Give back each line of the data exactly as it reads, minus the pictures.

[Provided data]:
::::::

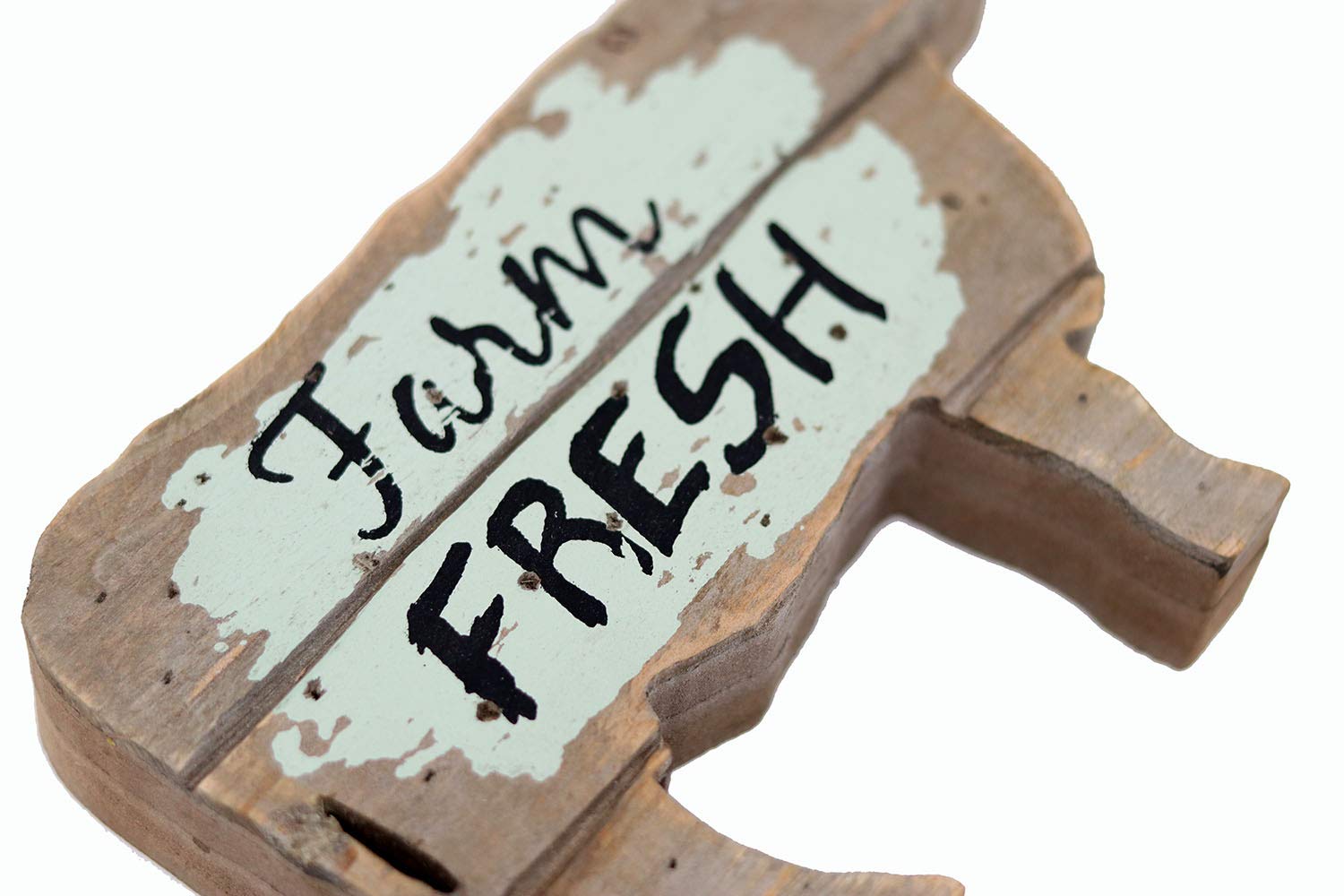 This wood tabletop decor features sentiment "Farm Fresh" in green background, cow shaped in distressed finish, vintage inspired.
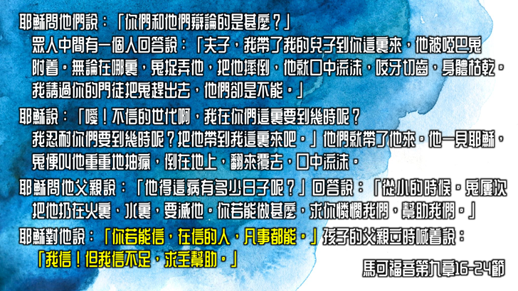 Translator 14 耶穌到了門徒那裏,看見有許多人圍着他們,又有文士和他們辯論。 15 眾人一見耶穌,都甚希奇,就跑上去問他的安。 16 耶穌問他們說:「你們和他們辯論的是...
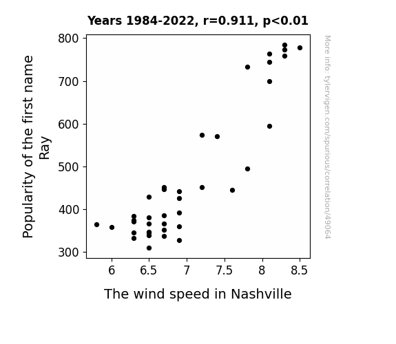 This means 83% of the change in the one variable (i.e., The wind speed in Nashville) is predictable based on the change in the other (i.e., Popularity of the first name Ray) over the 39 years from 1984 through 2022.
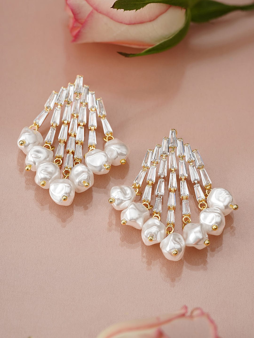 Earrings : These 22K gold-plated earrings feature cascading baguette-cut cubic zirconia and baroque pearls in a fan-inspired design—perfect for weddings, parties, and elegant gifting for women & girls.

::::::

[Problem solution]:
 This wood tabletop decor features sentiment "Farm Fresh" in green background, cow shaped in distressed finish, vintage inspired.
 Translator 14 耶穌到了門徒那裏,看見有許多人圍着他們,又有文士和他們辯論。 15 眾人一見耶穌,都甚希奇,就跑上去問他的安。 16 耶穌問他們說:「你們和他們辯論的是...
 This means 83% of the change in the one variable (i.e., The wind speed in Nashville) is predictable based on the change in the other (i.e., Popularity of the first name Ray) over the 39 years from 1984 through 2022.
 Earrings : These 22K gold-plated earrings feature cascading baguette-cut cubic zirconia and baroque pearls in a fan-inspired design—perfect for weddings, parties, and elegant gifting for women & girls.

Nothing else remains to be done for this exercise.